Yuri Vasilyevich Gavrilov (Юрий Васильевич Гаврилов; born 3 May 1953 in Setun, Odintsovsky District, Moscow Oblast) is a Russian football manager and a former midfielder who played for Dynamo Moscow and Spartak Moscow.

He made 46 appearances for the Soviet Union national football team and scored 10 goals. He also competed for the Soviet Union at the 1980 Summer Olympics and the 1982 FIFA World Cup in Spain. His creative skills are immortalized by Konstantin Beskov's famous phrase "If you don't know what to do with the ball, pass it to Gavrilov". Yuri Gavrilov has his own football school in Moscow called SC Svyatogor.

== Career ==
Gavrilov's football career started in Iskra Moscow football school when he was 7. He was invited by school director who saw Yury playing with other kids on the Iskra stadium. When he was 19, Konstantin Beskov took him to Dinamo Moscow from Iskra amateur team. But there was an expensive number of quality players in 1970s Dinamo, and Gavrilov couldn't find a permanent place in Dinamo squad.

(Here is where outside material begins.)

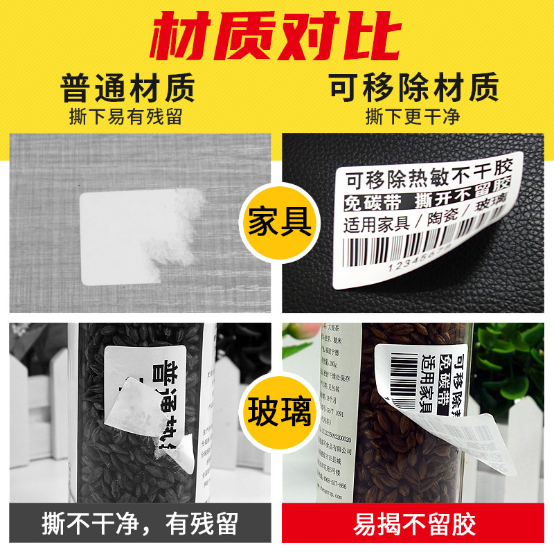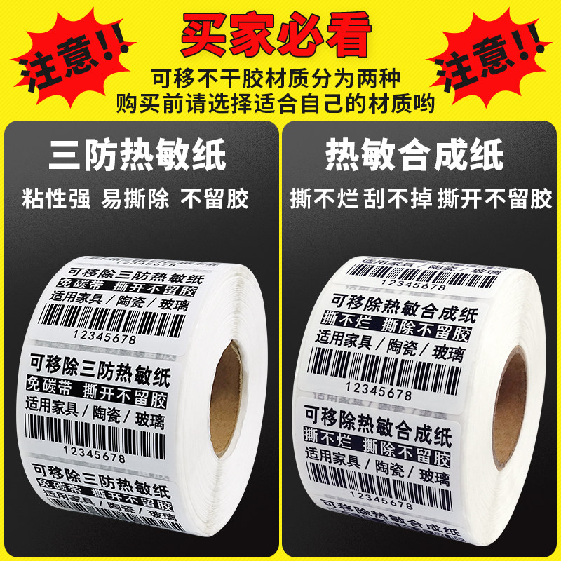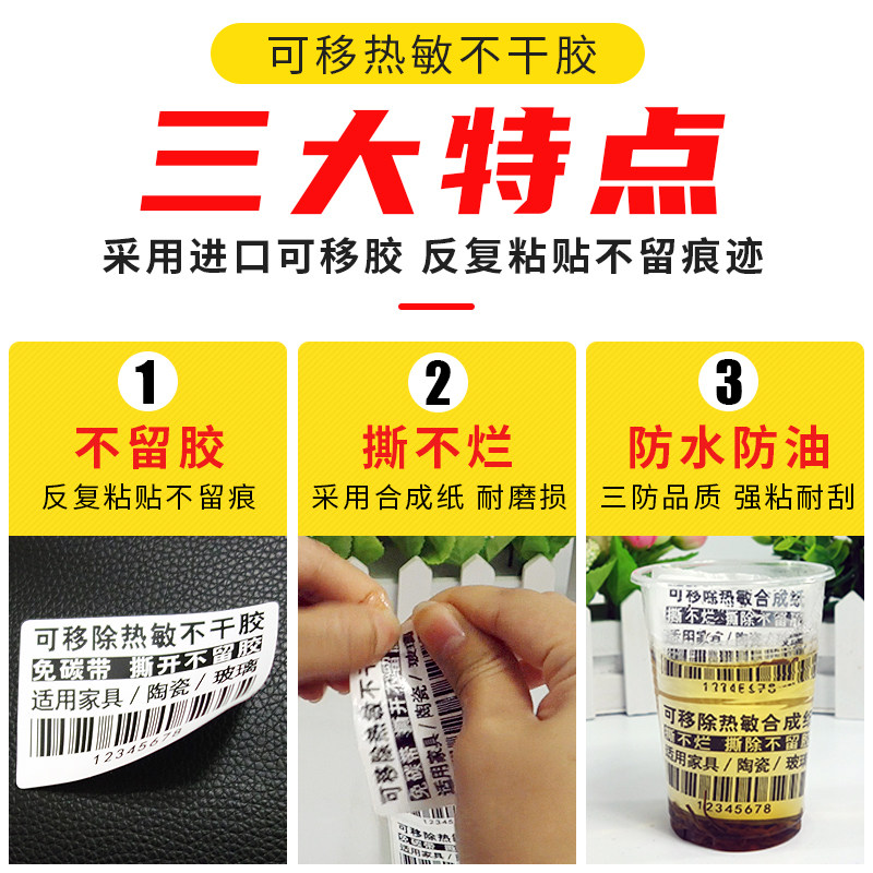Jaylen removable self-adhesive label paper 60*40 30 50 60 70 80 100 furniture glass plate thermal photocopy paper easy to tear seamless synthetic paper three waterproof adhesive sticker

Gavrilov joined the Spartak Moscow in 1977 after he followed the Spartak coach Konstantin Beskov. The player who played as a winger in the Dynamo Moscow team was used as a playmaker in the new Spartak team by Beskov, becoming one of the best attacking midfielders in the SovietUnion.

While he made a lot of good passes, he scored a lot of goals as well. Gavrilov was Soviet Top League top goal-scorer twice, scored 140 times during his career.

During his professional career Gavrilov played also for the Finnish club Porin Pallotoverit and Moldovan club FC Agro Chişinău.

In 2001 Gavrilov took charge of the DR Congo national football team for one game. He coached DR Congo in the 2002 FIFA World Cup qualification match against Ivory Coast.

==Personal life==
His son Yuri Gavrilov also professional footballer.